Like snowflakes, no two integrations are quite the same. Just ask Jill McGruder.
McGruder, president and CEO of IFS Financial Services Inc., a division of Western & Southern Financial Group, has shepherded her $3 billion company through two integrations, each with its own set of circumstances and challenges.
McGruder says that a stumble in folding either or both of the two companies into IFS Financial Services could have risked the parent companies’ reputation for service and rigorous financial management. “The biggest thing for us would have been the reputation risk,” McGruder says. “We’re a 118-year-old company that has very much a service culture with strong financial discipline.”
And with a stumble, any plans McGruder had to build IFS Financial Services with additional acquisitions might have gone unsatisfied, as the parent company might have opted to turn off the cash for more expansions in the wake of a poor integration effort.

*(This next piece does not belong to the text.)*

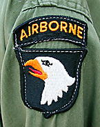 ■パッチ詳細:左上腕部(肩口)/第101空挺師団パッチ(カラー/メロウエッジ)、左胸/US ARMY胸章(刺繍タイプ)、右胸/ネームテープ(刺繍タイプ)
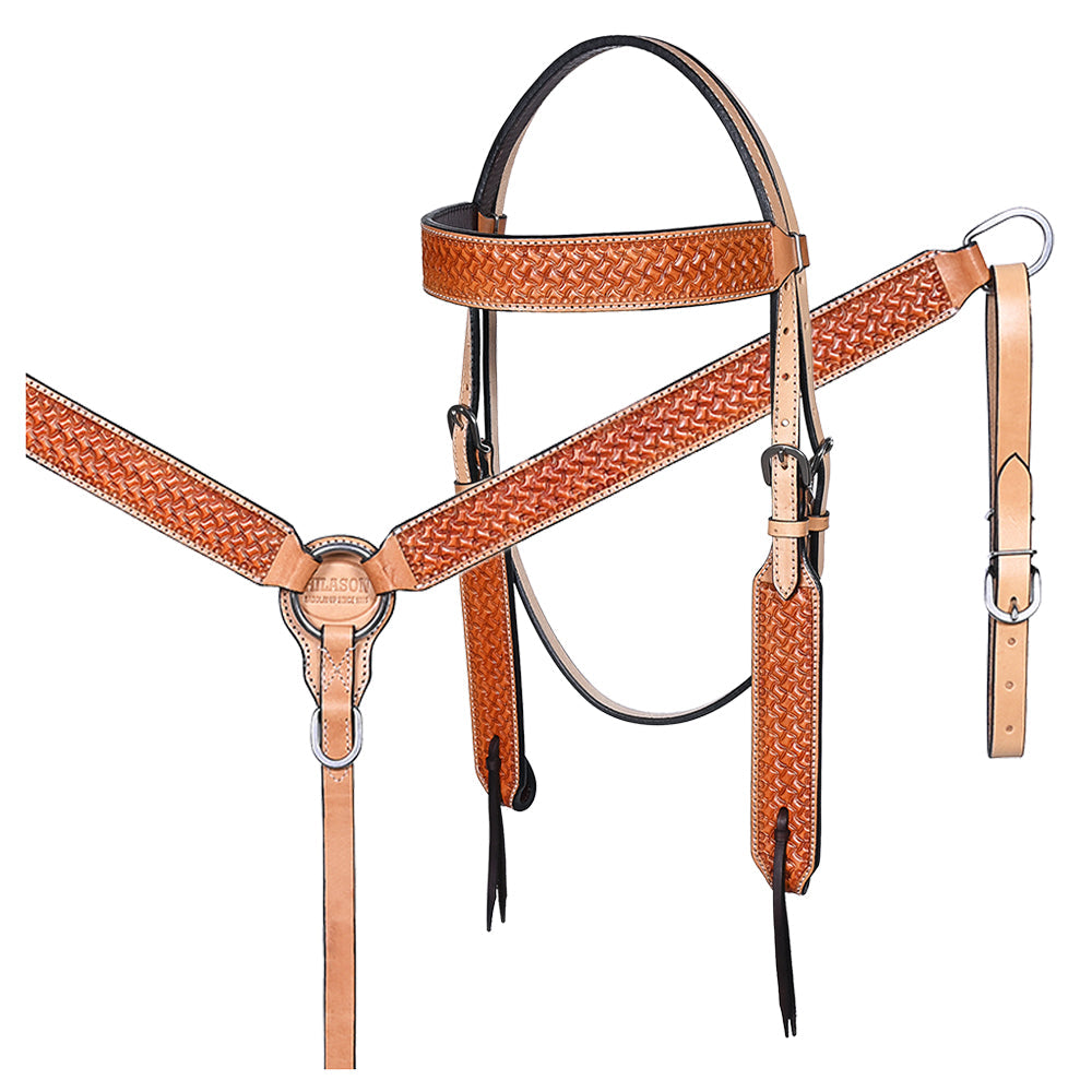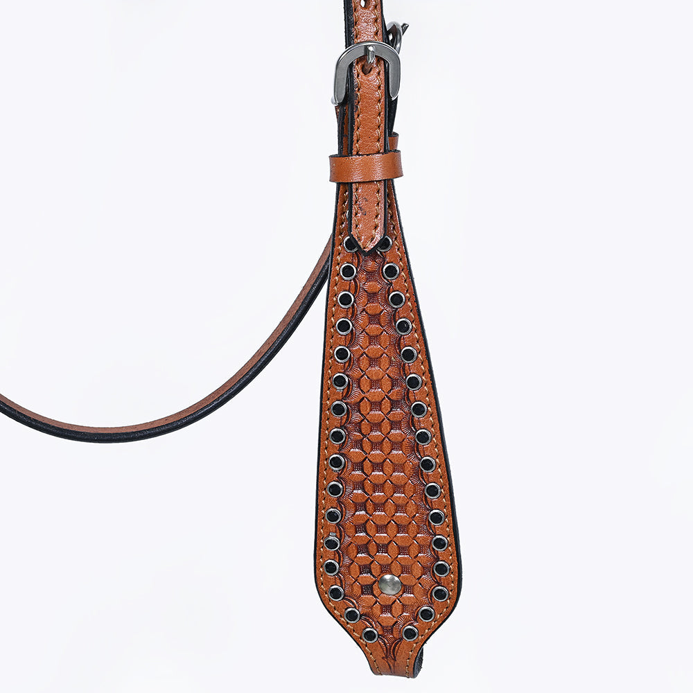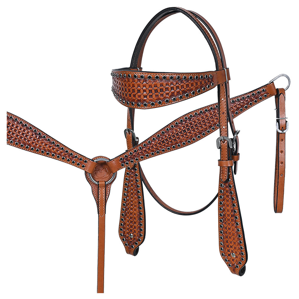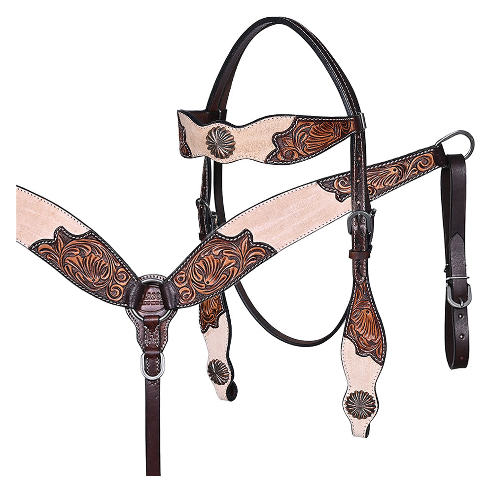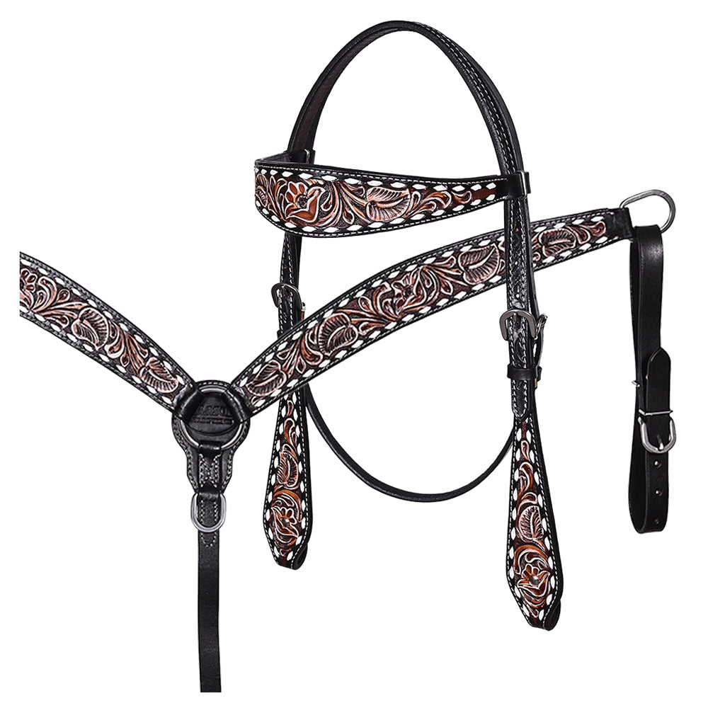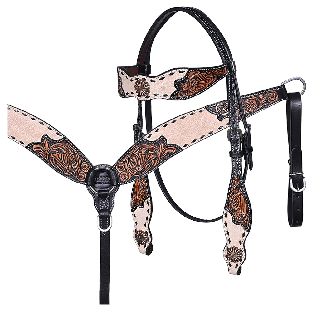 BAR H EQUINE Western Handtooled Leather Horse Headstall & Breast Collar Set

McGruder had to integrate two types of businesses, each with its own unique challenges. And the integrations had to be done quickly and with minimal disruption to IFS and the acquired company.
Fixing an ailing company
In the first case, McGruder wanted a mutual fund business to expand IFS’ portfolio of investment products, but along with the mutual fund company acquired in 1999 came a services company. “We really bought the company because, strategically, it served us very well because the Western & Southern Financial Group is trying to grow its fee-based businesses and its investment management businesses, and we also have a great reputation for services,” McGruder says. “So we bought it for the money management business, but with it came this servicing company. “Would we have struck out and bought a servicing company on a stand-alone basis? Probably not, but this servicing company was so much a part of the mutual fund business, because it’s your back office operations, that it made sense to buy it, both to keep the funds operating efficiently and strategically, to get into more fee-based businesses, again, as part of our strategic plan. “We knew it had issues, to be quite honest. It needed investments in people and technology. There was no question about that, and they were at a crossroads strategically when they said, ‘How much more are we going to continue to invest in this business?’”

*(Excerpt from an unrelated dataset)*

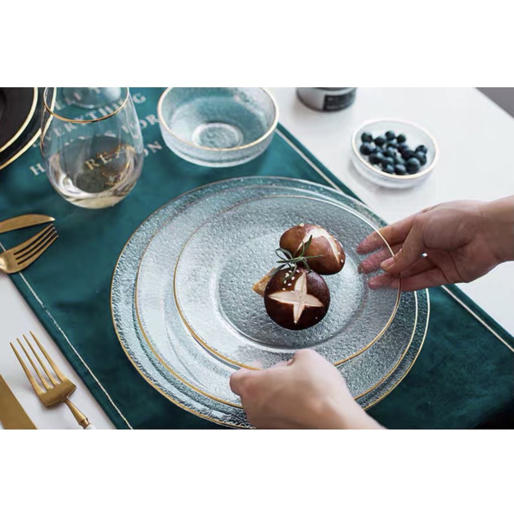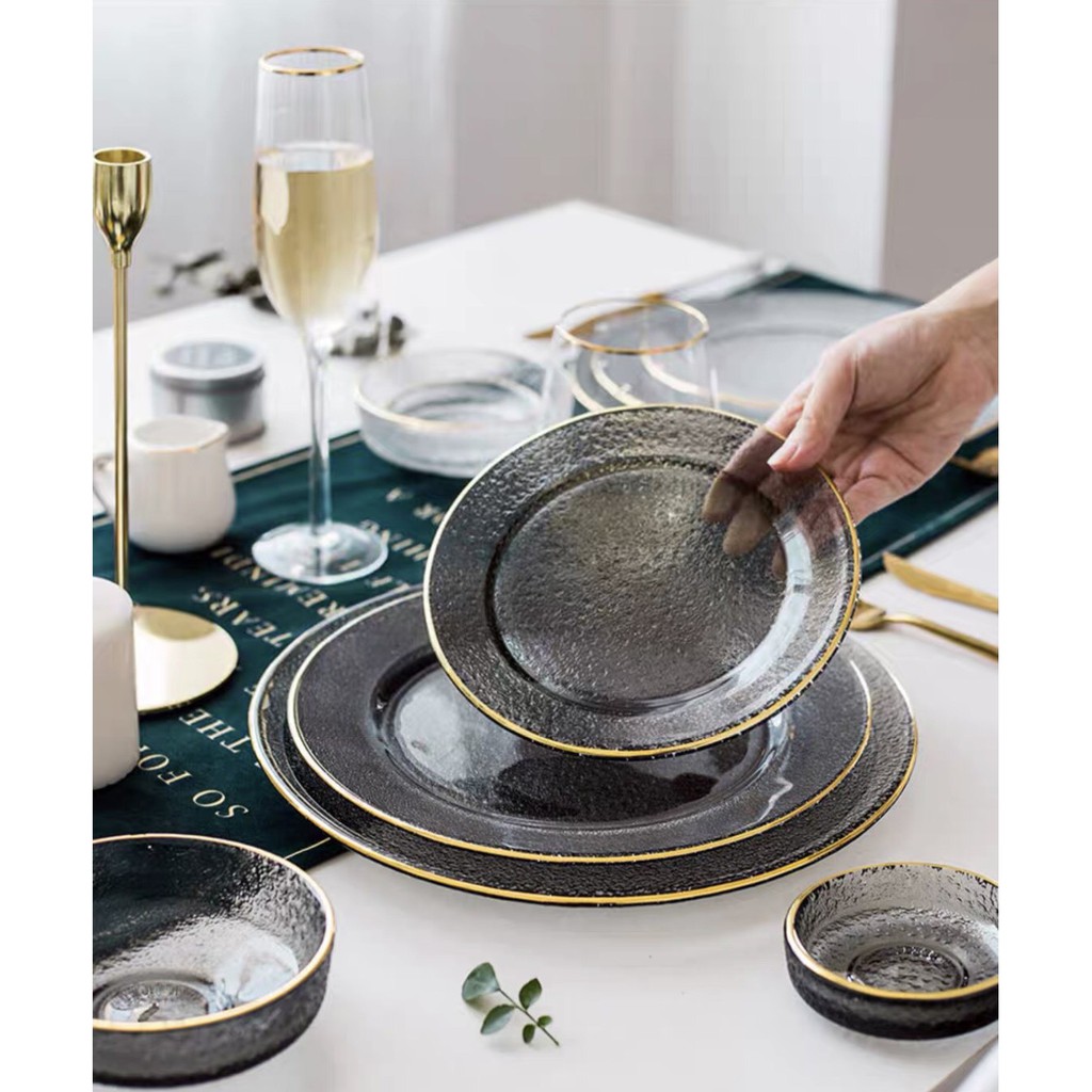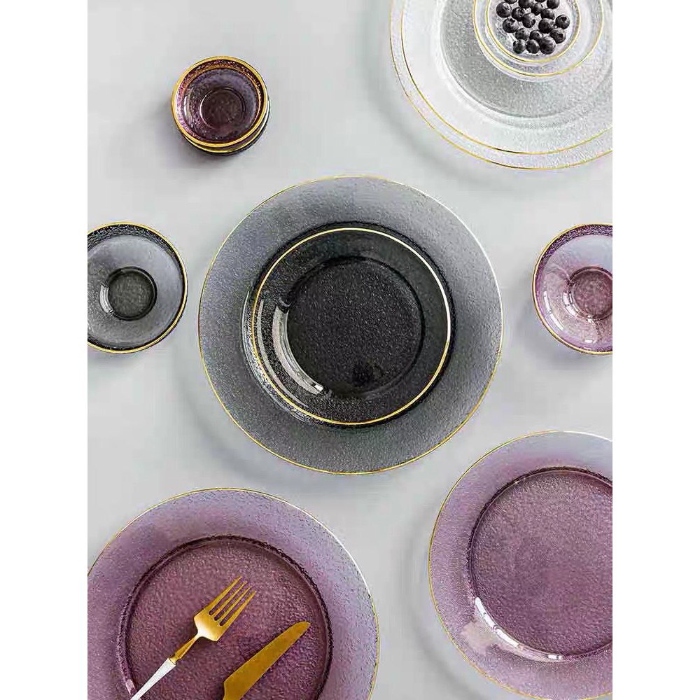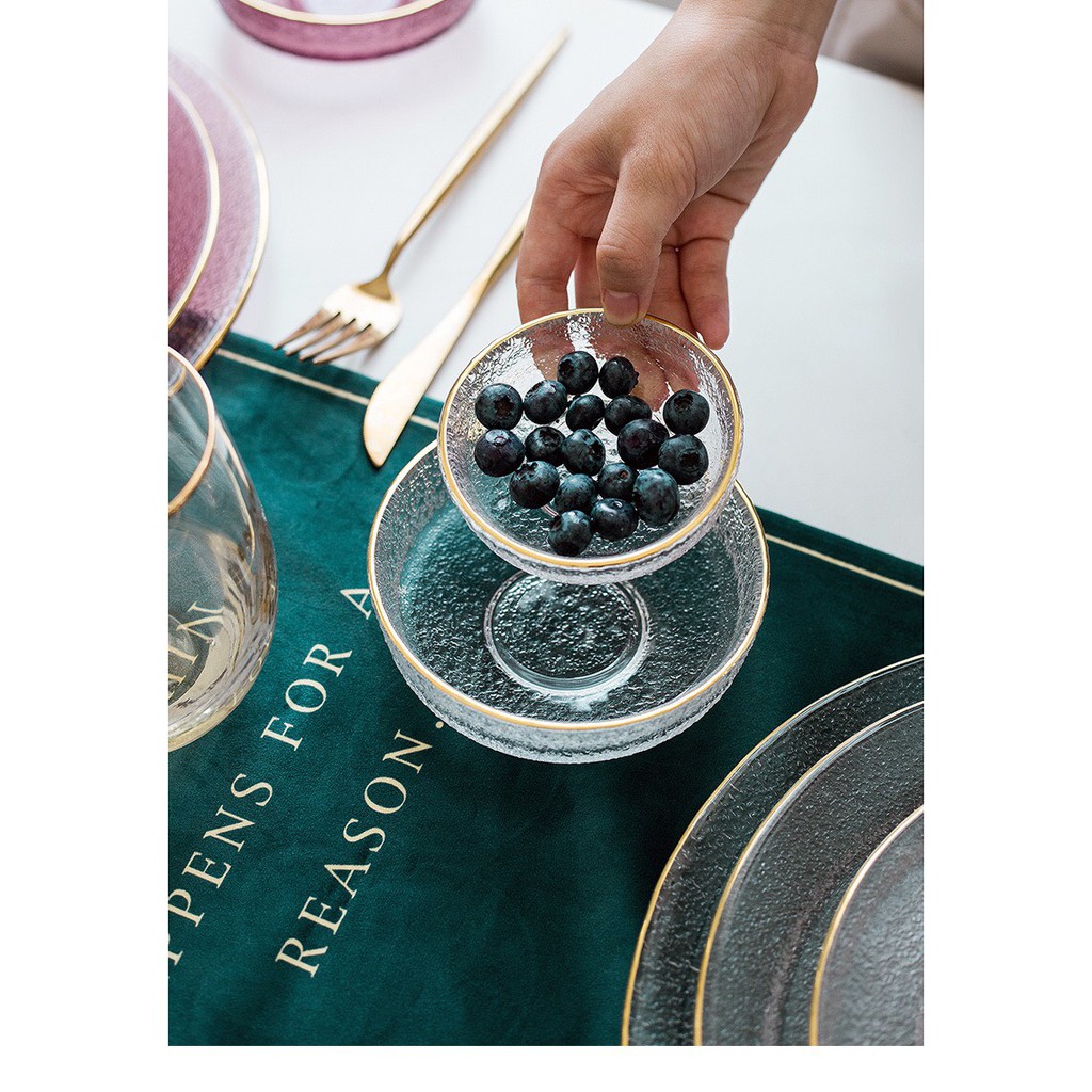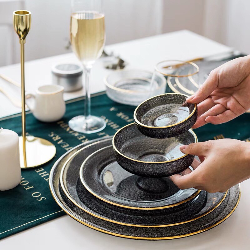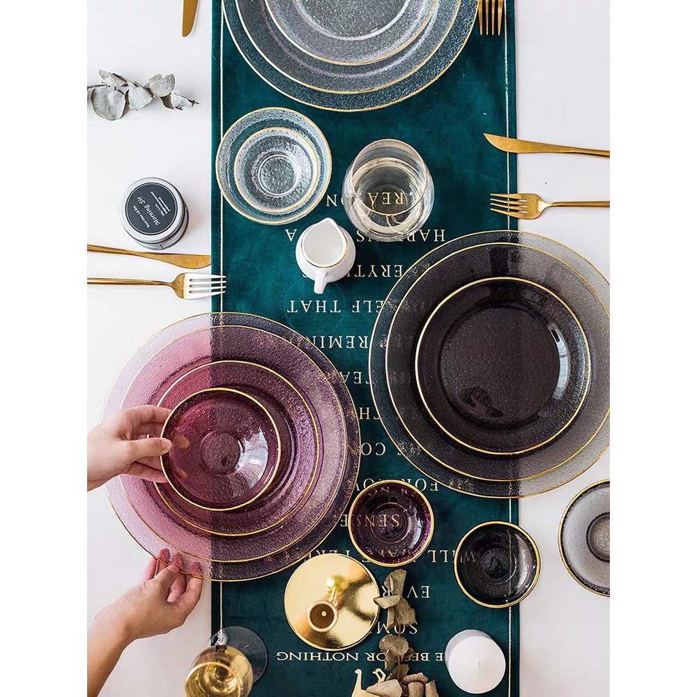 Nhà cửa & Đời sống > Bộ đồ bàn ăn > Dĩa || Set đĩa và tô thủy tinh nhiều màu sắc viền vàng, để hoa quả,salad,bánh kẹo, mới lạ phù hợp cho mọi gia đìnhCòn hàng

McGruder says the growth of the business had outrun its capability to serve clients, as billions of dollars poured into the markets during the technology boom of the late 1990s. And it was its own technology lag that was strangling the company’s ability to carry on. “They had a client that had a huge run-up in business assets, and they didn’t have an infrastructure that was capable of supporting a fund that went from a couple hundred-million-dollars in assets to $7 billion in assets, literally in no more than six months,” McGruder says.
You can’t know everything required to get a business on track, McGruder says, so it’s critical to have a team that has the resources to solve the problem. “The first thing is to get the best heads together at the table, the brightest minds, the most experienced people you can because you can’t do anything in a vacuum,” McGruder says. “I knew I didn’t know enough to fix the business, so I had to surround myself with people who did know what to do. That’s the key, putting that team together who did know what to do.”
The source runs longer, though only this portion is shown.